Exercise description: Should any entry hold a picture, omit that picture and copy the rest of the entry exactly.

Data extracted from a collection:
+ + + + + + +
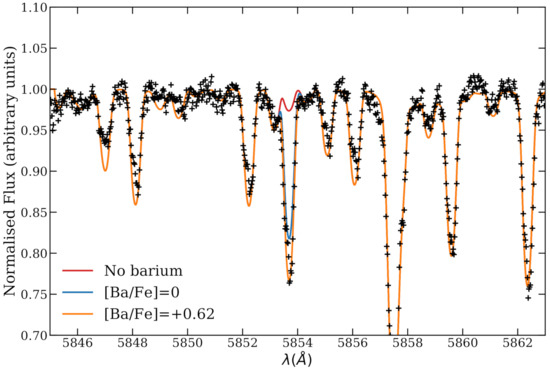 Our new analysis converges in: K, dex; V = 0.85 ± 0.15 km s and metallicity from Fe i lines of [Fe/H]i = ± 0.02 (EW scatter) ± 0.06 dex (errors due to atmospheric parameters). We detected an indication for the over-ionisation effects of Feii lines as previously found in young clusters ([60,61,62]), being [Fe/H] ii = +0.16 ± 0.03 ± 0.08 dex (the ionisation balance for iron is obviously not satisfied). Previous atmospheric parameter determinations of RZ Psc have been published by Kaminskii et al. (2000, [63]) and Potravnov et al. (2014, [50]. In particular, Kaminskii et al. derived ± 150 K (from the Boltzmann equilibrium), ± 0.02 dex; V = 2.0 ± 0.5 km s. While is in fair agreement with our estimate, the surface gravity and micorturbulence velocity are considerably discordant. Conversely, by taking into account observational uncertainties, our atmospheric model complies with the parameters by Potravnov et al., who obtained = 5350 ± 150 K (by fitting Balmer line profiles), = 4.2 ± 0.3 dex, and V = +1 km s. However, they found a sub-solar metallicity ([M/H] = ± 0.05 dex), which is in sharp contradiction with standard chemical evolution models of our Galaxy (see, e.g., [64] and Figure 11 in Baratella et al., 2020a [40]). Concerning the comparison with Punzi et al. (2018), despite the reasonable agreement in the resulting metallicity, our values of , , and microturbulence are significantly different. We emphasise that a value of = 2.0 km s as given by Punzi and colleagues does not reproduce the observed line profiles, being too large (we show an example for a wavelength region of ∼30 Å around 5080 Å in Figure 2). Once we defined the new set of atmospheric parameters using Ti lines, we then looked into the Ba line behaviour. By using the driver of the LTE code MOOG (Sneden [65], 2017 version) and MARCS model atmosphere, we synthesised the Ba ii line at 5853 Å (see Figure 3). We found [Ba/Fe] = +0.62 ± 0.14 dex. The estimate is responsible for the discrepant value between our study and Shen et al. and substantially resolves the difference in [Fe/H] and [Ba/Fe] for star RZ Psc. Stellar parameters and abundances for Fe, Ti, and Ba are reported in Table 1. Additionally, differences in line-lists and in the adopted procedure to minimise spurious trends partially contribute to the disagreement with our parameter and abundance determination.
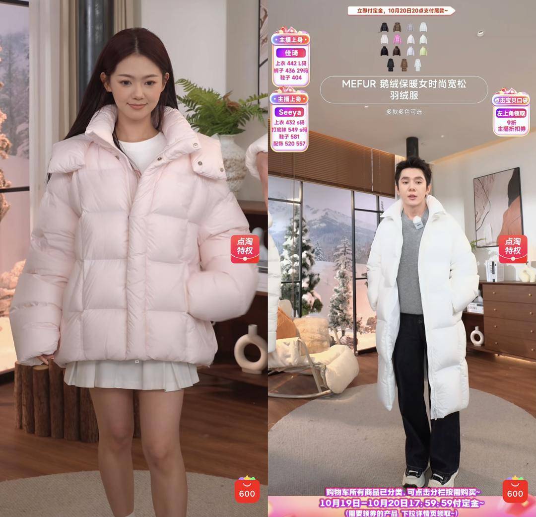 伴随全国范围降温,羽绒服与冲锋衣成为直播间热门产品。其中,羽绒服在女装销售中占比高达60%,直接带动女装整体板块增长。
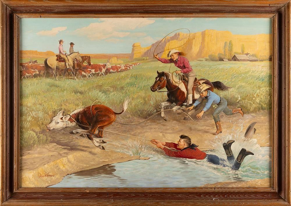 This painting was commissioned by the Lucchese boot manufacturing company and was intended to be used in advertising campaigns.
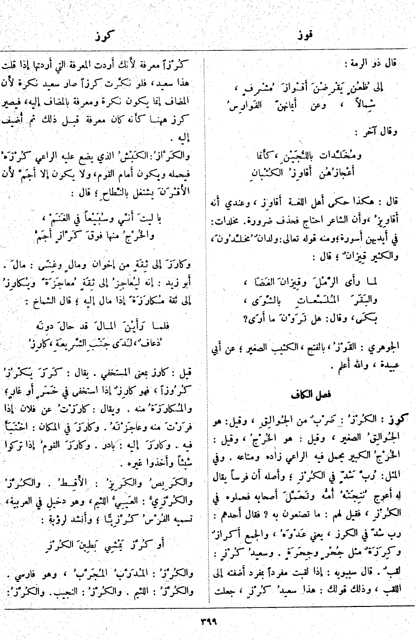 كرز: الكُرْزُ: ضَرْبٌ مِنَ الجُوالِقِ، وَقِيلَ: هُوَ الجُوالِقُ الصَّغِيرُ، وَقِيلَ: هُوَ الخُرْجُ، وَقِيلَ: الخُرْجُ الْكَبِيرُ يَحْمَلُ فِيهِ الرَّاعِي زَادَهُ وَمَتَاعَهُ. وَفِي الْمَثَلِ: رُبَّ شَدٍّ فِي الكُرْزِ؛ وأَصله أَن فَرَسًا يُقَالُ لَهُ أَعوج نُتِجَتْهُ أُمُّه وتَحَمَّلَ أَصحابه فَحَمَلُوهُ فِي الكُرْزِ، فَقِيلَ لَهُمْ: مَا تَصْنَعُونَ بِهِ؟ فَقَالَ أَحدهم: رُبَّ شَدٍّ فِي الْكُرْزِ، يَعْنِي عَدْوَهُ، وَالْجَمْعُ أَكرازٌ وكِرَزَةٌ مِثْلَ جُحْرٍ وجِحَرَةٍ. وسعيدُ كُرْزٍ: لقبٌ. قَالَ سِيبَوَيْهِ: إِذا لَقَّبْتَ مُفْرَدًا بِمُفْرَدٍ أَضفته إِلى اللَّقَبِ، وَذَلِكَ قَوْلُكَ: هَذَا سعيدُ كُرْزٍ، جَعَلَتْ كُرْزاً مُعَرَّفَةً لأَنك أَردت الْمَعْرِفَةَ الَّتِي أَردتها إِذا قُلْتَ هَذَا سَعِيدٌ، فَلَوْ نكَّرت كُرْزًا صَارَ سَعِيدٌ نَكِرَةً لأَن الْمُضَافَ إِنما يَكُونُ نَكِرَةً وَمَعْرِفَةً بِالْمُضَافِ إِليه، فَيَصِيرُ كُرْزٌ هَاهُنَا كأَنه كَانَ مَعْرِفَةً قَبْلَ ذَلِكَ ثُمَّ أُضيف إِليه. والكَرَّازُ: الكَبْشُ الَّذِي يَضَعُ عَلَيْهِ الرَّاعِي كُرْزَهُ فَيَحْمِلُهُ وَيَكُونُ أَمام الْقَوْمِ، وَلَا يَكُونُ إِلا أَجَمَّ لأَن الأَقْرَنَ يَشْتَغِلُ بالنِّطاحِ؛ قَالَ:
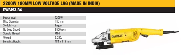 The DWE493-B4 is a powerful 2200W angle grinder designed for professional and industrial applications. Equipped with a 180 mm disc, it delivers high performance for heavy-duty metal cutting, grinding, and masonry work. Its low-voltage LAG motor ensures consistent power, even under demanding conditions, making it a reliable choice for workshops, construction sites, and fabrication tasks.
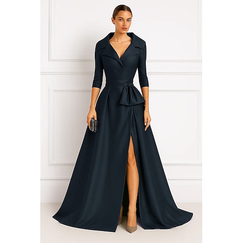 Linea ad A Strascico a Terra Abito da Sera Da principessa Abito formale Elegante Scintillante Stile Celebrità Manica 3/4 Scollo a V Festa in giardino Matrimonio Raso Elasticizzato con Fiocco/Fiocchi
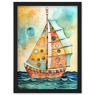 Artery8 Sailboat Concept With Dorsal Fin Sail Folk Art Artwork Framed Wall Print A4
+ + + + + + +
Solution for this exercise:
 Our new analysis converges in: K, dex; V = 0.85 ± 0.15 km s and metallicity from Fe i lines of [Fe/H]i = ± 0.02 (EW scatter) ± 0.06 dex (errors due to atmospheric parameters). We detected an indication for the over-ionisation effects of Feii lines as previously found in young clusters ([60,61,62]), being [Fe/H] ii = +0.16 ± 0.03 ± 0.08 dex (the ionisation balance for iron is obviously not satisfied). Previous atmospheric parameter determinations of RZ Psc have been published by Kaminskii et al. (2000, [63]) and Potravnov et al. (2014, [50]. In particular, Kaminskii et al. derived ± 150 K (from the Boltzmann equilibrium), ± 0.02 dex; V = 2.0 ± 0.5 km s. While is in fair agreement with our estimate, the surface gravity and micorturbulence velocity are considerably discordant. Conversely, by taking into account observational uncertainties, our atmospheric model complies with the parameters by Potravnov et al., who obtained = 5350 ± 150 K (by fitting Balmer line profiles), = 4.2 ± 0.3 dex, and V = +1 km s. However, they found a sub-solar metallicity ([M/H] = ± 0.05 dex), which is in sharp contradiction with standard chemical evolution models of our Galaxy (see, e.g., [64] and Figure 11 in Baratella et al., 2020a [40]). Concerning the comparison with Punzi et al. (2018), despite the reasonable agreement in the resulting metallicity, our values of , , and microturbulence are significantly different. We emphasise that a value of = 2.0 km s as given by Punzi and colleagues does not reproduce the observed line profiles, being too large (we show an example for a wavelength region of ∼30 Å around 5080 Å in Figure 2). Once we defined the new set of atmospheric parameters using Ti lines, we then looked into the Ba line behaviour. By using the driver of the LTE code MOOG (Sneden [65], 2017 version) and MARCS model atmosphere, we synthesised the Ba ii line at 5853 Å (see Figure 3). We found [Ba/Fe] = +0.62 ± 0.14 dex. The estimate is responsible for the discrepant value between our study and Shen et al. and substantially resolves the difference in [Fe/H] and [Ba/Fe] for star RZ Psc. Stellar parameters and abundances for Fe, Ti, and Ba are reported in Table 1. Additionally, differences in line-lists and in the adopted procedure to minimise spurious trends partially contribute to the disagreement with our parameter and abundance determination.
 伴随全国范围降温,羽绒服与冲锋衣成为直播间热门产品。其中,羽绒服在女装销售中占比高达60%,直接带动女装整体板块增长。
 This painting was commissioned by the Lucchese boot manufacturing company and was intended to be used in advertising campaigns.
 كرز: الكُرْزُ: ضَرْبٌ مِنَ الجُوالِقِ، وَقِيلَ: هُوَ الجُوالِقُ الصَّغِيرُ، وَقِيلَ: هُوَ الخُرْجُ، وَقِيلَ: الخُرْجُ الْكَبِيرُ يَحْمَلُ فِيهِ الرَّاعِي زَادَهُ وَمَتَاعَهُ. وَفِي الْمَثَلِ: رُبَّ شَدٍّ فِي الكُرْزِ؛ وأَصله أَن فَرَسًا يُقَالُ لَهُ أَعوج نُتِجَتْهُ أُمُّه وتَحَمَّلَ أَصحابه فَحَمَلُوهُ فِي الكُرْزِ، فَقِيلَ لَهُمْ: مَا تَصْنَعُونَ بِهِ؟ فَقَالَ أَحدهم: رُبَّ شَدٍّ فِي الْكُرْزِ، يَعْنِي عَدْوَهُ، وَالْجَمْعُ أَكرازٌ وكِرَزَةٌ مِثْلَ جُحْرٍ وجِحَرَةٍ. وسعيدُ كُرْزٍ: لقبٌ. قَالَ سِيبَوَيْهِ: إِذا لَقَّبْتَ مُفْرَدًا بِمُفْرَدٍ أَضفته إِلى اللَّقَبِ، وَذَلِكَ قَوْلُكَ: هَذَا سعيدُ كُرْزٍ، جَعَلَتْ كُرْزاً مُعَرَّفَةً لأَنك أَردت الْمَعْرِفَةَ الَّتِي أَردتها إِذا قُلْتَ هَذَا سَعِيدٌ، فَلَوْ نكَّرت كُرْزًا صَارَ سَعِيدٌ نَكِرَةً لأَن الْمُضَافَ إِنما يَكُونُ نَكِرَةً وَمَعْرِفَةً بِالْمُضَافِ إِليه، فَيَصِيرُ كُرْزٌ هَاهُنَا كأَنه كَانَ مَعْرِفَةً قَبْلَ ذَلِكَ ثُمَّ أُضيف إِليه. والكَرَّازُ: الكَبْشُ الَّذِي يَضَعُ عَلَيْهِ الرَّاعِي كُرْزَهُ فَيَحْمِلُهُ وَيَكُونُ أَمام الْقَوْمِ، وَلَا يَكُونُ إِلا أَجَمَّ لأَن الأَقْرَنَ يَشْتَغِلُ بالنِّطاحِ؛ قَالَ:
 The DWE493-B4 is a powerful 2200W angle grinder designed for professional and industrial applications. Equipped with a 180 mm disc, it delivers high performance for heavy-duty metal cutting, grinding, and masonry work. Its low-voltage LAG motor ensures consistent power, even under demanding conditions, making it a reliable choice for workshops, construction sites, and fabrication tasks.
 Linea ad A Strascico a Terra Abito da Sera Da principessa Abito formale Elegante Scintillante Stile Celebrità Manica 3/4 Scollo a V Festa in giardino Matrimonio Raso Elasticizzato con Fiocco/Fiocchi
 Artery8 Sailboat Concept With Dorsal Fin Sail Folk Art Artwork Framed Wall Print A4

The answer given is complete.